Why these observations appear to bother you is difficult to understand.
Who said they bothered me?
The vagueness, one-sidedness, and "feel-good" tenor of your facile statements bothered me.
I re-iterate: Yes, in (e.g.) small town America in the early 20th century, too, the (extended) family would have helped out - but the loose woman would have been branded, generations of children would have been lectured about her wanton behavior, the pastors in the pulpits would have had a field-day, etc.
You conveniently left that part out!
And with multiple baby-daddies?! Cousin Thelma would have been branded the "Whore of Babylon!"
You admit that you are an "outsider," so I would ask you to reconsider your superficial observations before sharing them here. You have probably not witnessed a lot of the "behind-the-scenes" village chatter.
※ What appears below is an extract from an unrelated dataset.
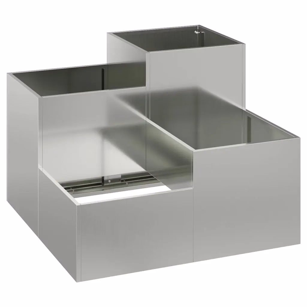 See hõbedane tsingitud terasest aiastutuskast loob selgete joontega istutusala, mis sobib eriti hästi kaasaegse aia ja terrassi kujundusse. Astmeline ristkülikukujuline kuju aitab taimi kenasti esile tõsta ning pakub praktilist ja vastupidavat lahendust lillede, ürtide või madalate dekoratiivtaimede kasvatamiseks.

I cannot conceive of traditional rural African societies countenancing such behavior! At a hunter/gatherer level, that might work - but not at any more-advanced societal stage. Any such subsistence-level society would collapse within a few generations. Only wealthy Western nations can afford such madness.
You are merely "reporting your observations as an outsider" without providing any added-value in the form of plausibility-tests or the like.
Q.v. Walter Duranty commenting, "I don't see any mass starvation of the Ukrainians! Looks okay to me!" during the imposed famines of the 1930s.
Try turning on your "bullsh*t-meter."
Regards,
“Central and southern Africa”
Bullseye!
Gotta be in the Southern hemisphere.